One day, I got a call from my Keswick friend, world horse star Peggy Augustus, to come down for a fundraiser.

“Oh, and by the way,” she said, “Sissy Spacek and her husband, Jack Fisk, will be sitting at our table.”

Well, as soon as I could, I bought a tape of the movie and it didn’t take very long to understand why Sissy won the award. Her performance was dazzling.

The weekend came and down to Peggy’s I went, then over to the fundraiser we went. It was held in a big tent and once we located our table, to my delight I was actually sitting next to the actress, who had moved with her husband to a farm in Keswick in 1982.

Naturally, I told her how much I enjoyed the movie.

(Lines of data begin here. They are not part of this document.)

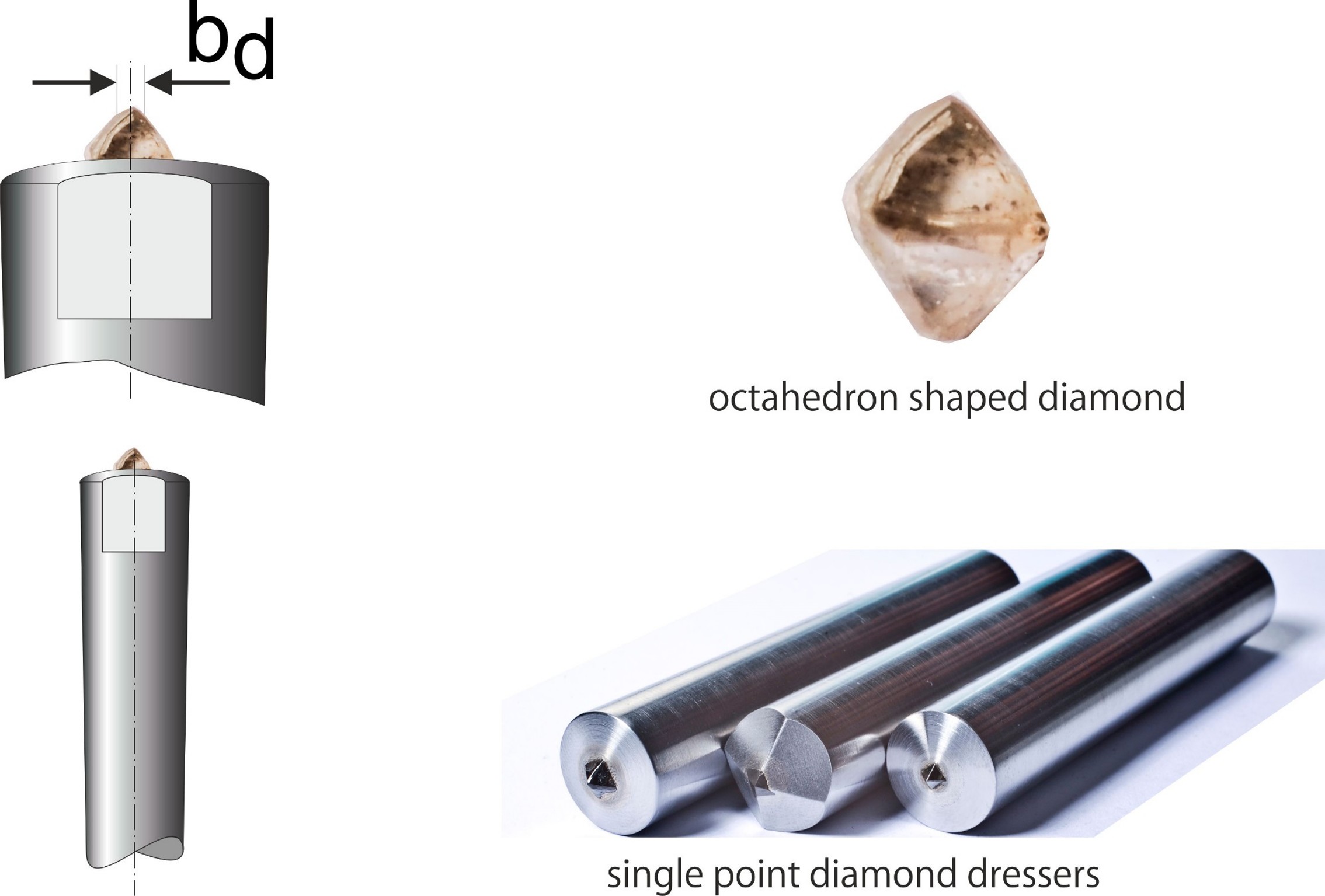I diamantatori a grano singolo utilizzano diamanti a forma di ottaedro. Se una punta è usurata, il diamante può essere riposizionato per inserire una nuova punta. I diamantatori a grano singolo rappresentano una soluzione economica e sono utilizzati universalmente per la rettifica cilindrica e superficiale interna ed esterna e offrono mole di rettifica all'avanguardia e risultati superficiali altamente controllabili.
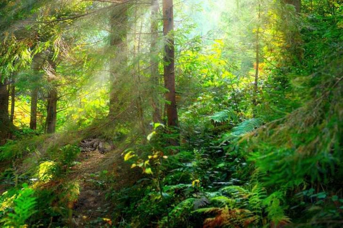 De afbeelding laat een dicht groen bos zien. Ergens verstopt zich een slang, die we moeten vinden.
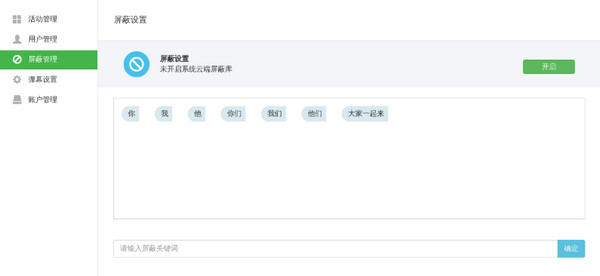 您可以设置屏蔽关键字来对发送的消息进行过滤,也可以选择手动模式来亲自把关。

And then, I was somewhat startled when she told me she originally did not want to make the film.

Sissy told me she’d been a singer specializing in rock music at the start of her career, and she initially felt her sound and Lynn’s country sound just didn’t mix. She also said that if her acting career had not taken off, she probably would have gone back to singing.

Turns out Loretta Lynn saw her screen test and she and the studio executives insisted that she make the movie. She and Lynn soon became fast friends, and she definitely wanted Sissy to sing her songs in the film.

Lynn helped her learn to sing and play guitar in her style. The film’s soundtrack featured Sissy singing all of Lynn’s hits used in the movie, including “Coal Miner’s Daughter.”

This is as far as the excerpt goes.